For example, if GPT-5 takes my code and rearranges something for no reason, that's not going to affect its benchmarks because the code will still produce the same answers. But now I have to spend more time reviewing its output to make sure it hasn't done that. The more time I have to spend post-processing its output, the lower its capabilities are since the measurement of capability on real world tasks is often the amount of time saved.
Whenever I come back to ChatGPT after using Claude or Gemini for an extended period, I’m really struck by the “AI-ness.” All the verbal tics and, truly, sloppishness, have been trained away by the other, more human-feeling models at this point.
It still has a very ... plastic feeling. The way it writes feels cheap somehow. I don't know why, but Claude seems much more natural to me. I enjoy reading its writing a lot more.
That said, I'll often throw a prompt into both claude and chatgpt and read both answers. GPT is frequently smarter.

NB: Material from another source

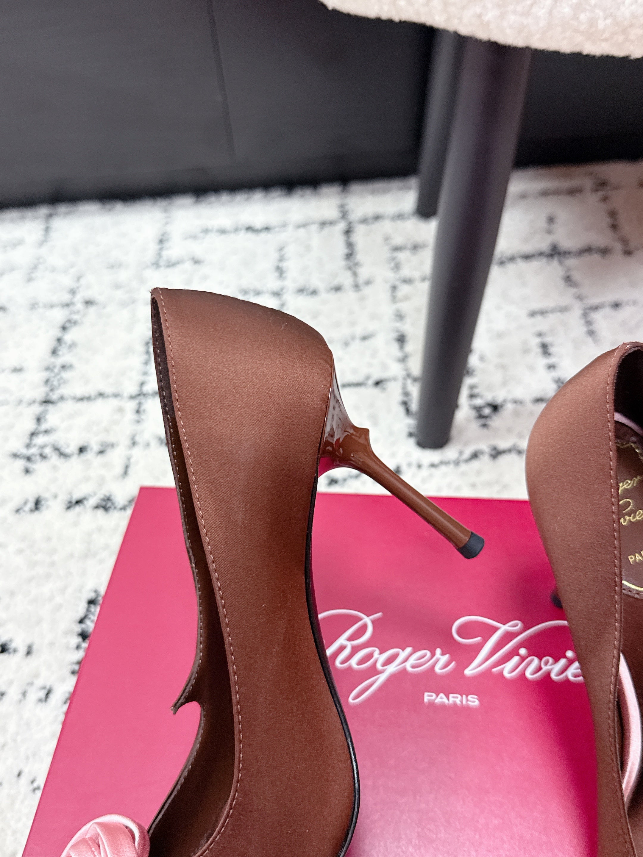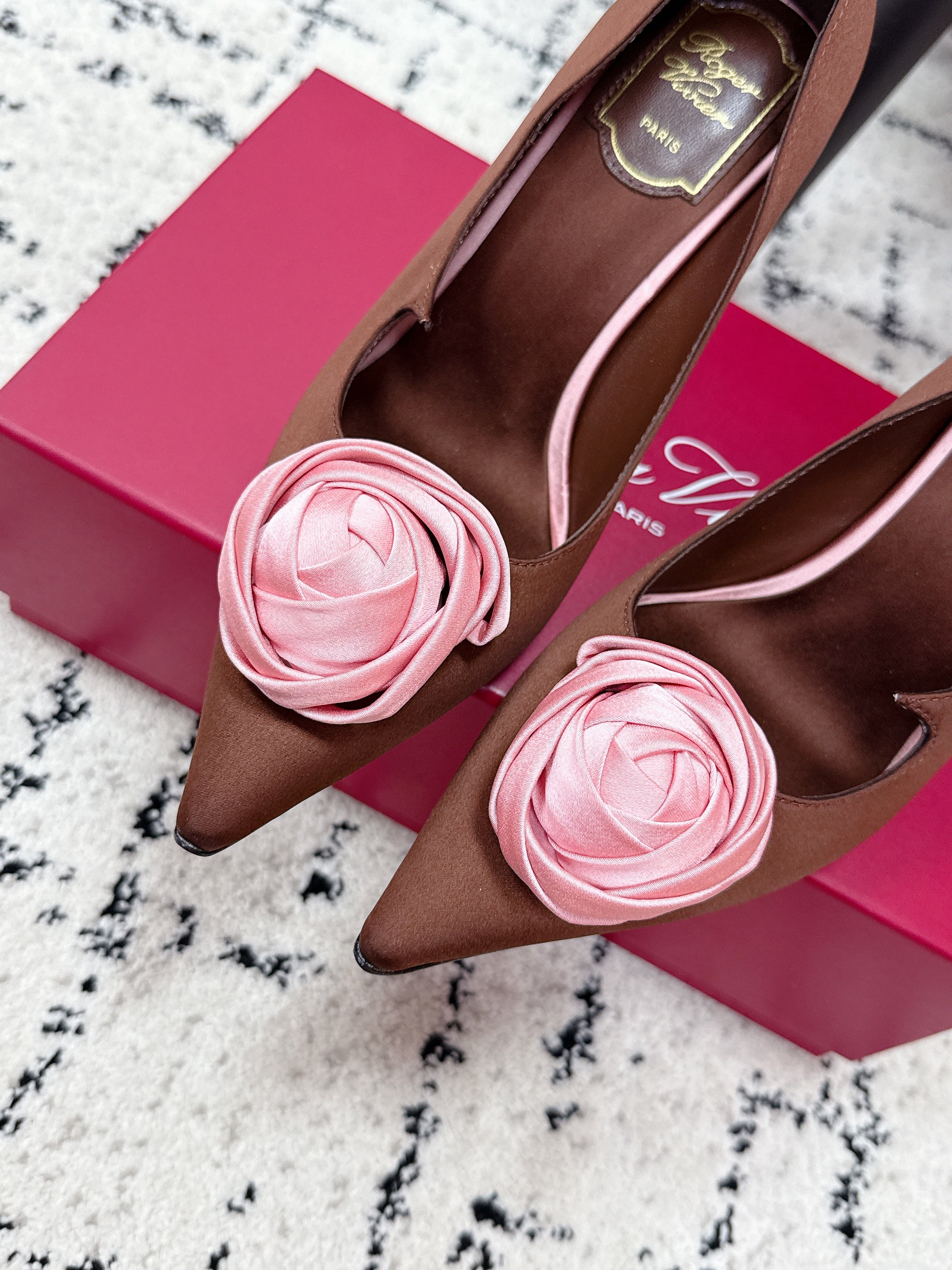 RV Rose Vivier Flower Pumps 10cm Pink Brown Satin 617292

This has been my experience. With very very rigid constraints it does ok, but without them it will optimize expediency and getting it done at the expense of integrating with the broader system.
Me: Let's figure out how to clone our company Wordpress theme in Hugo. Here're some tools you can use, here's a way to compare screenshots, iterate until 0% difference.
Codex: Okay Boss! I did the thing! I couldn't get the CSS to match so I just took PNGs of the original site and put them in place! Matches 100%!
My impression was entirely the opposite; the unsolved subset of SWE-bench verified problems are memorizable (solutions are pulled from public GitHub repos) and the evaluators are often so brittle or disconnected from the problem statement that the only way to pass is to regurgitate a memorized solution.
OpenAI had a whole post about this, where they recommended switching to SWE-bench Pro as a better (but still imperfect) benchmark:
> We audited a 27.6% subset of the dataset that models often failed to solve and found that at least 59.4% of the audited problems have flawed test cases that reject functionally correct submissions
> SWE-bench problems are sourced from open-source repositories many model providers use for training purposes. In our analysis we found that all frontier models we tested were able to reproduce the original, human-written bug fix
> improvements on SWE-bench Verified no longer reflect meaningful improvements in models’ real-world software development abilities. Instead, they increasingly reflect how much the model was exposed to the benchmark at training time
> We’re building new, uncontaminated evaluations to better track coding capabilities, and we think this is an important area to focus on for the wider research community. Until we have those, OpenAI recommends reporting results for SWE-bench Pro.
> My impression was entirely the opposite; the unsolved subset of SWE-bench verified problems are memorizable (solutions are pulled from public GitHub repos) and the evaluators are often so brittle or disconnected from the problem statement that the only way to pass is to regurgitate a memorized solution.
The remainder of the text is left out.